Re: Feature request: testline(tl) (RFC) (original) (raw)


[Date Prev][Date Next][Thread Prev][Thread Next][Date Index][Thread Index]


From: Pádraig Brady
Subject: Re: Feature request: testline(tl) (RFC)
Date: Tue, 09 Dec 2014 22:38:51 +0000
User-agent: Mozilla/5.0 (X11; Linux x86_64; rv:31.0) Gecko/20100101 Thunderbird/31.3.0

On 09/12/14 22:20, V.Krishn wrote:

Hi,

Was reading about bloom filter, and came upon this example,

http://troydhanson.github.io/misc/bloom.html ------ The bf test program

The program bf.c implements a Bloom filter. It can be used like,

./bf -n 16 members.txt test.txt

Where the lines of members.txt are the true set members and the lines of test.txt will be tested for membership.
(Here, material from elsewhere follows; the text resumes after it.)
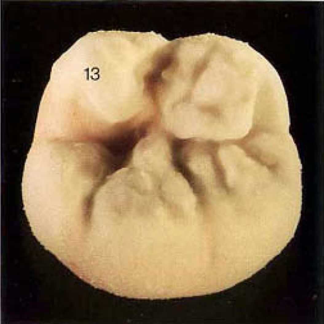 Рис. 14. Зуб после конденсации. Четкие контуры фиссур несколько "смазались".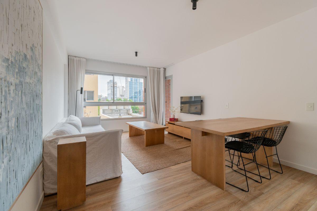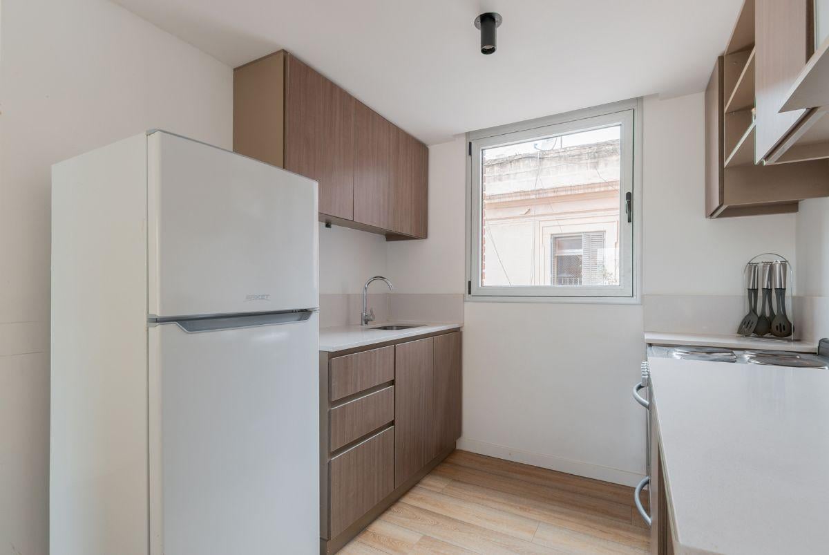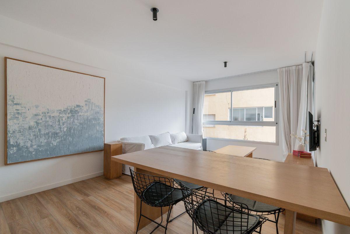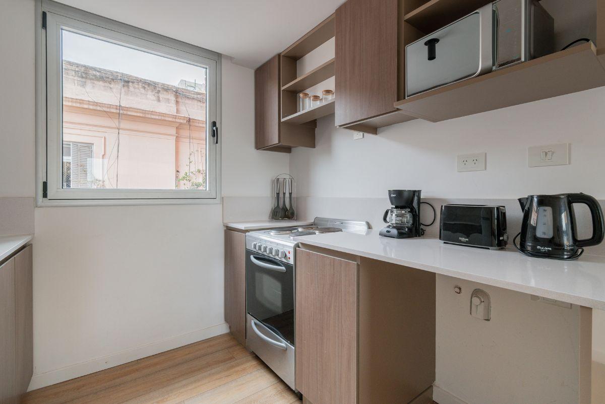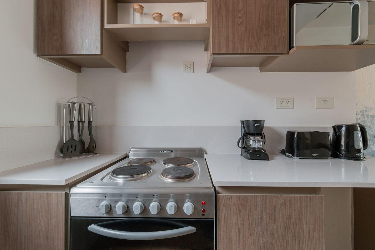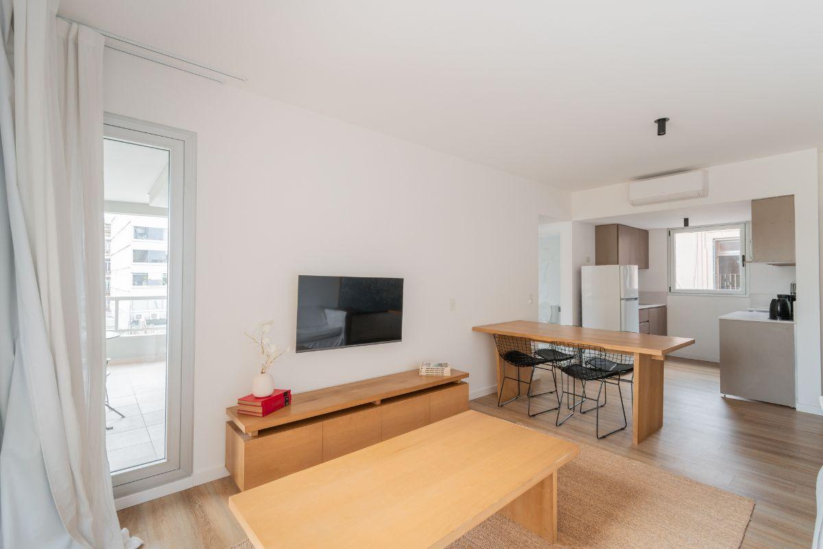 Two-room apartment furnished throughout with a north-facing balcony and two entrances, from the bedroom and from the living room. The bedroom has air conditioning and a built-in dressing area. The integrated electric kitchen opens to the living area, with central hot water and electric cooking; it includes a full set of kitchen items such as a microwave, fridge with freezer, toaster, kettle, coffee maker and dishes. The listing states 1 air conditioner and 1 TV in each room, plus two elevators a

Varying n shows how the error rate increases with smaller values of n. ------

Source: https://github.com/troydhanson/misc code: https://raw.githubusercontent.com/troydhanson/misc/master/compression/bloom/bf.c

REQUEST: Wondering if a simple implementation to test lines could be added to coreutils Features: 1. report if some lines missing (option to print) 2. option to print found lines 3. option to print missing lines 4. ....more logic posible...
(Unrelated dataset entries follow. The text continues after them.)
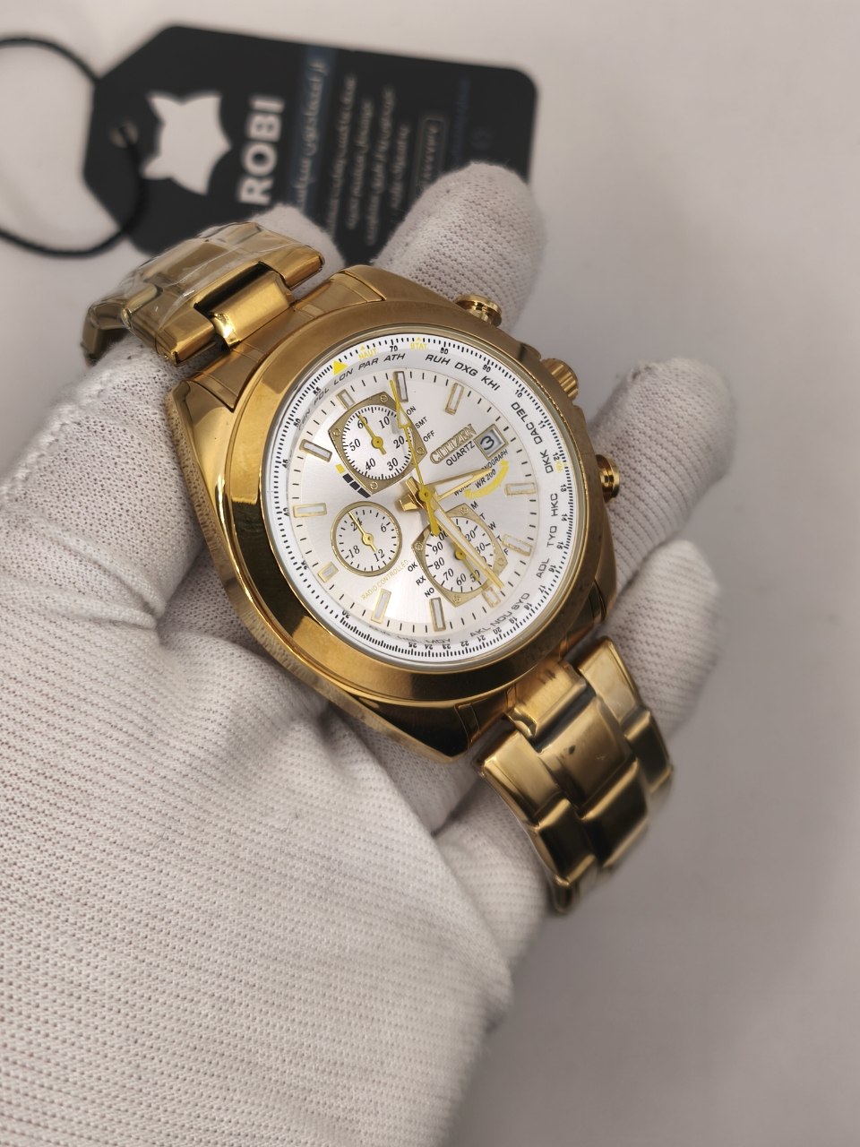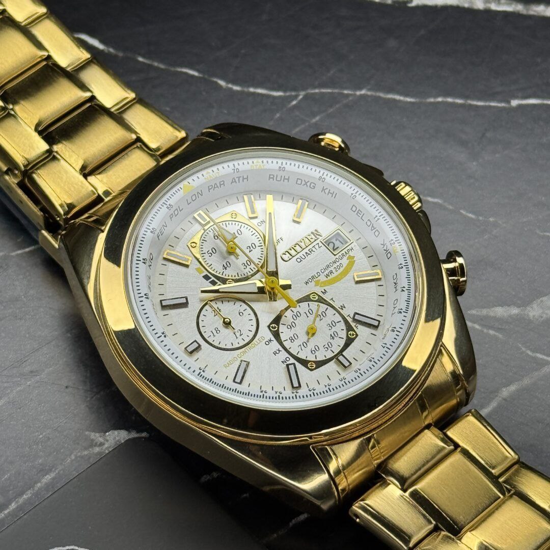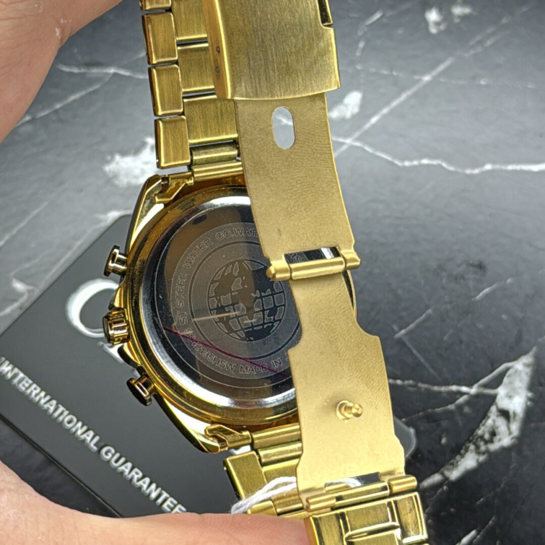 ساعت مچی مردانه کرنوگراف برند سیتیزن CITEZEN مدل 3310 سه موتوره طلایی انتخابی شیک برای استایل کژوال لوکس فشن و خلبانی است. این مدل با بند طلایی و صفحه سفید عرضه میشود و رنگهای دیگر نیز موجود است کافیست پیام دهید. مجهز به موتور کوارتز ژاپنی ارجینال با سه موتور فعال کرنوگراف تقویم دار شب نما و ضد آب صد درصد ضمانتی است. بدنه فول استیل رنگ ثابت با بند استیل توپر سنگین درجه یک ضد حساسیت پوستی قفل کلیپسی ضامن دار و فرم صفحه دایره دارد. شیشه معدنی ضد خش سافایر به همراه گارانتی و جعبه ارائه میشود و از فروشگاه اینترنتی روبی مد قابل تهیه است.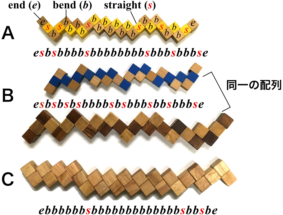 注1:経路が別々のものや4×4×4の超難解なものをそこそこもっているだけではない。ラボには青色パズル(B)と同じ経路のものが教材として160個程度ある。東工大1年生向けに蛋白質フォールディング入門のような講義を担当しており、その際に生命理工学院1年生全員(150名程度)に一人一個ずつ配布してパズルで遊んでもらって蛋白質フォールディングの難しさを実感してもらっているのだ。10~15分ほどフォールディングにトライしてもらう(遊んでもらう)。「シャペロン」となってフォールディングを完成させる学生は1割に満たない。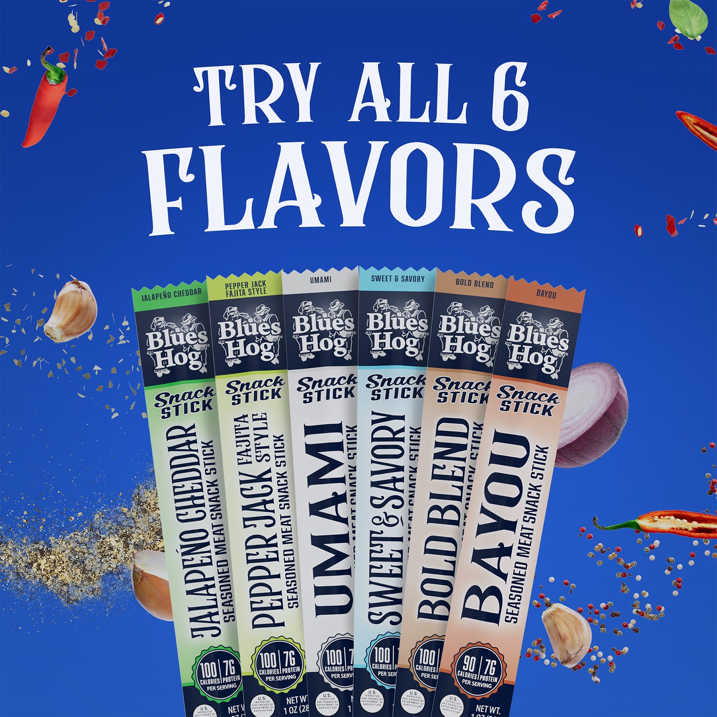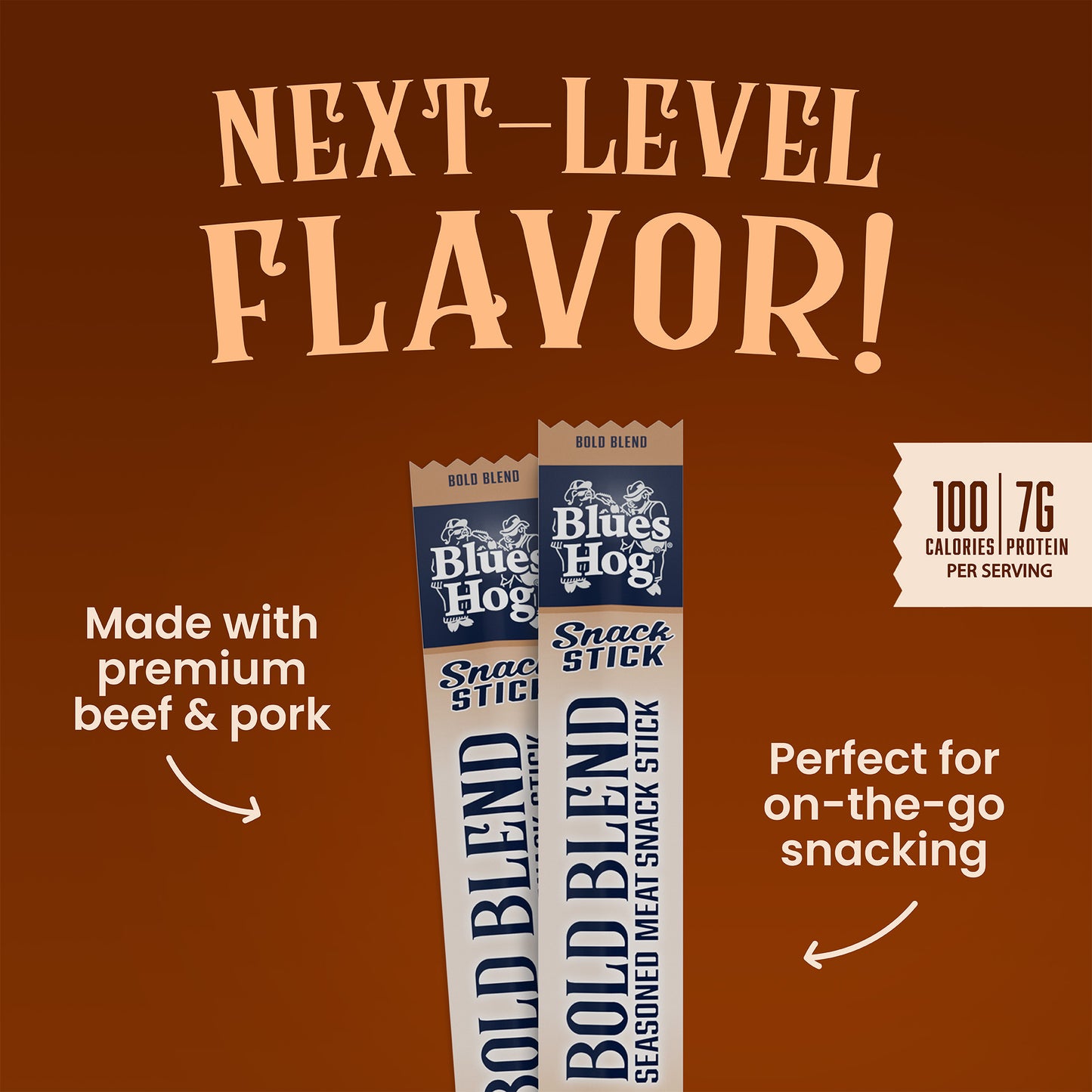 With 7 g of protein and 100 calories per stick, they are perfect for on-the-go adventures, energizing your day, or adding championship-level flavor anytime. Crafted with high-quality ingredients and proudly produced in the USA, each stick offers the pitmaster-approved taste of Blues Hog, the Choice of Champions™.

------------- Presently, I can achive the same using simple shell script by calling grep on each line or using comm But believe that method using bloom should be faster and result in a uniq and useful tool.

Please ignore or guide if any similar util already exists.

Maybe we should keep the existing interfaces of grep, uniq, comm etc. and use a bloom filter internally if appropriate.

cheers, Pádraig.